Furlong is also examining ways to cut the manual work needed to add new hardware to Facebook's inventory system, and is considering automated alternatives to its current system of adding items by manually scanning barcodes.

"Say we have a setup where you just snap the new thing in and the system recognises it then updates all of your inventory systems," he said.

While the scale of Facebook's IT operations can be difficult to manage, its size can be an asset when it comes to weeding out problems in the infrastructure. Furlong recalls the company spotting a recurring fault with a small number of motherboards in its OCP servers when they were installed in its Prineville datacentre.

"What we realised was we actually had the same failures in all of our legacy equipment, we just couldn't see it before because the sample sizes were small," he said.

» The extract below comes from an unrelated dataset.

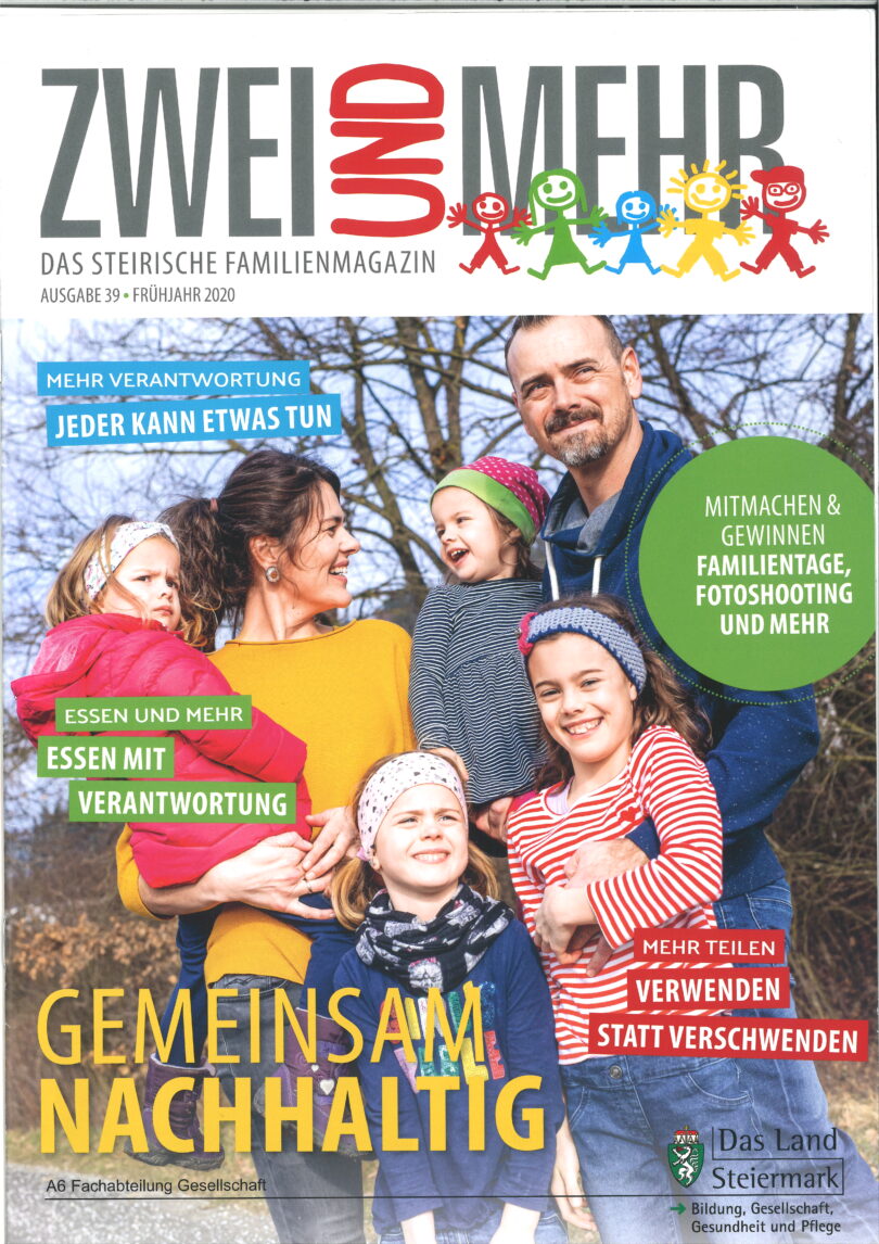 18.03.2020: Die Frühjahrsausgabe 2020 des ZWEI&MEHR, dem Steirischen Familienmagazin widmet sich ganz dem wichtigen Thema NACHHALTIGKEIT. Auf den Seiten 20/21 des aktuellen Heftes kommt auch Bea von Nachhaltig in Graz zu Wort.

"That's the beauty of having a large sample size to look at, you can knock things out that keep you from having to do a whole bunch of work [in the future]."

If Facebook is to continue to grow its 1.1 billion-strong user base it will need to continue work at sweating its datacentres, but Furlong believes there are plenty more efficiencies to wring out.

"To me that is the Holy Grail of this, to look at that server to datacentre ratio and be able to say 'I can get more servers into my datacentre'," he said.

"I think we do a good job of that today but I absolutely believe there is room for improvement."